**TASK DESCRIPTION:**
Below are the records; give again exactly the lines from the one containing "Alberto Fernandez, Nicolás" through the one containing "- Vinho Verde", leaving out pictures.

**RECORDS SHOWN:**

- - - - - - -

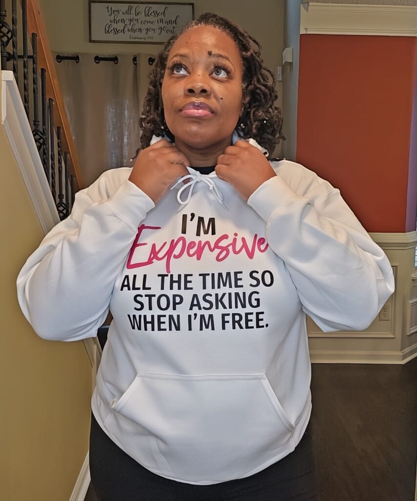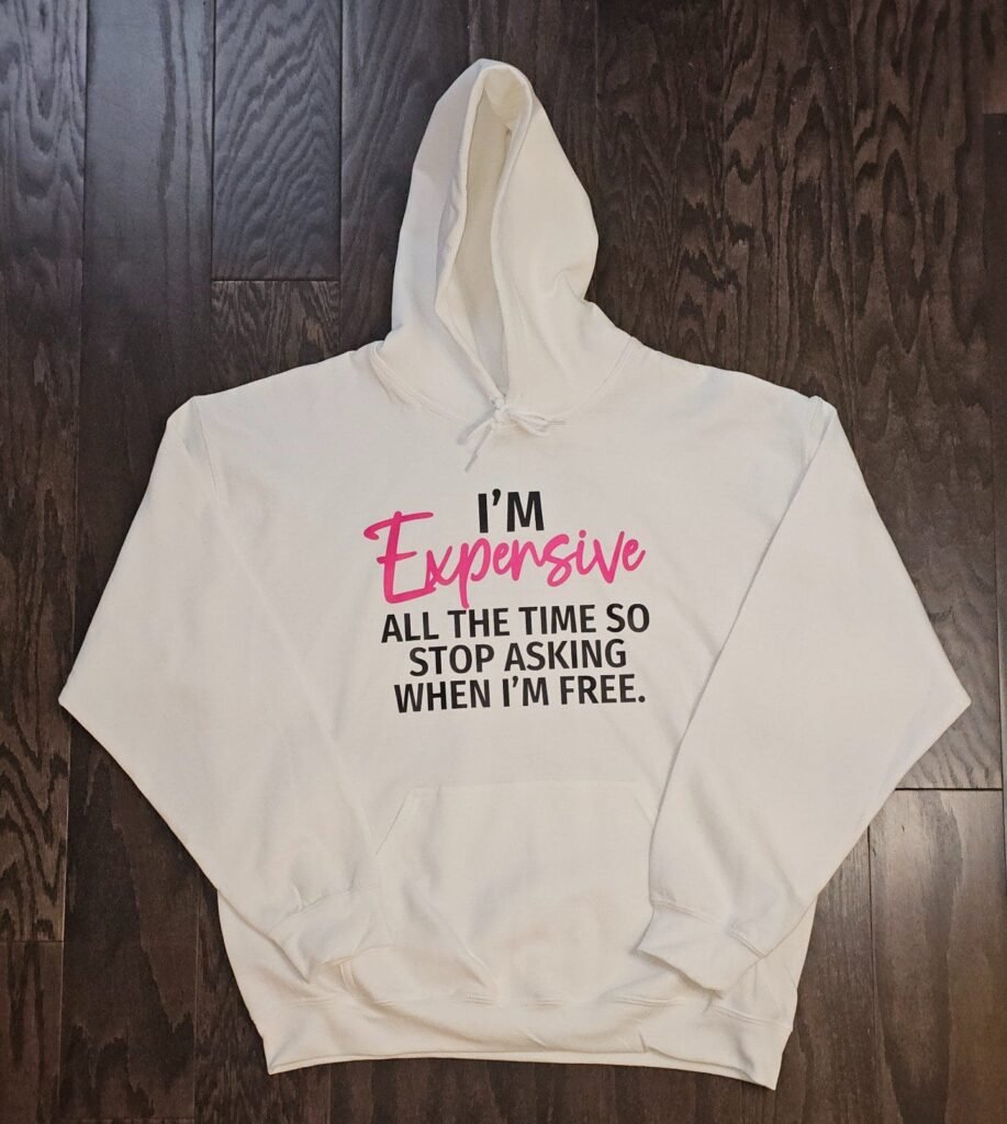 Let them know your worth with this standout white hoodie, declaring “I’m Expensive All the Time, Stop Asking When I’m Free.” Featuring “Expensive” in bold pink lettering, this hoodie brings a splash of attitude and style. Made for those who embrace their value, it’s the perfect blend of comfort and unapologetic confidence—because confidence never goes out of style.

- - - - - - -

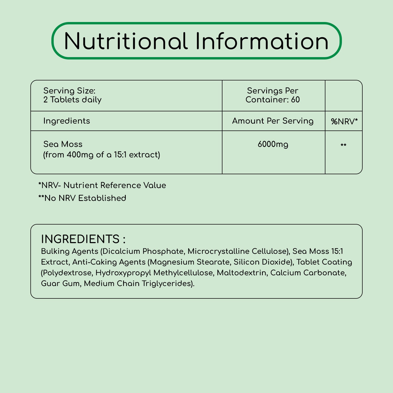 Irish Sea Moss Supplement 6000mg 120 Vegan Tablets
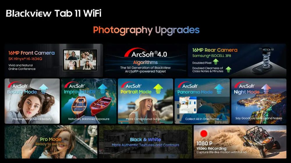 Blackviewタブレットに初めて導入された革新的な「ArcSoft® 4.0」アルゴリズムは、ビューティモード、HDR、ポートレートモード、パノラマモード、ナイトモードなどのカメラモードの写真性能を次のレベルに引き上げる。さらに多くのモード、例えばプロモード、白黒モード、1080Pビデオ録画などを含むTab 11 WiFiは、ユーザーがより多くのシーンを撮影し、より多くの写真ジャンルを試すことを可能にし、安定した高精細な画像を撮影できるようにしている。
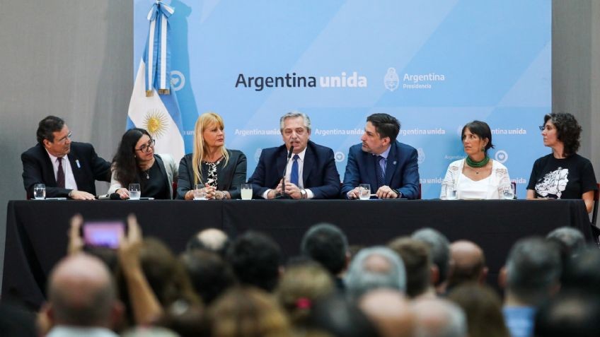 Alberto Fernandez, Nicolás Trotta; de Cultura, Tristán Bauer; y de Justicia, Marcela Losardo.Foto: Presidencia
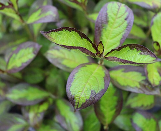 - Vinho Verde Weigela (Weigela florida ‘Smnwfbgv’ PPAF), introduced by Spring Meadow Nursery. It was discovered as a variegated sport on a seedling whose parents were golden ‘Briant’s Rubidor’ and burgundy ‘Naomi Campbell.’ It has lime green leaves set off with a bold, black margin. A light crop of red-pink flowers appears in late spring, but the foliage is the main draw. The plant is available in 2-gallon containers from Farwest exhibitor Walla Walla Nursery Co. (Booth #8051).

- - - - - - -

**SOLVED EXERCISE:**
 Alberto Fernandez, Nicolás Trotta; de Cultura, Tristán Bauer; y de Justicia, Marcela Losardo.Foto: Presidencia
 - Vinho Verde Weigela (Weigela florida ‘Smnwfbgv’ PPAF), introduced by Spring Meadow Nursery. It was discovered as a variegated sport on a seedling whose parents were golden ‘Briant’s Rubidor’ and burgundy ‘Naomi Campbell.’ It has lime green leaves set off with a bold, black margin. A light crop of red-pink flowers appears in late spring, but the foliage is the main draw. The plant is available in 2-gallon containers from Farwest exhibitor Walla Walla Nursery Co. (Booth #8051).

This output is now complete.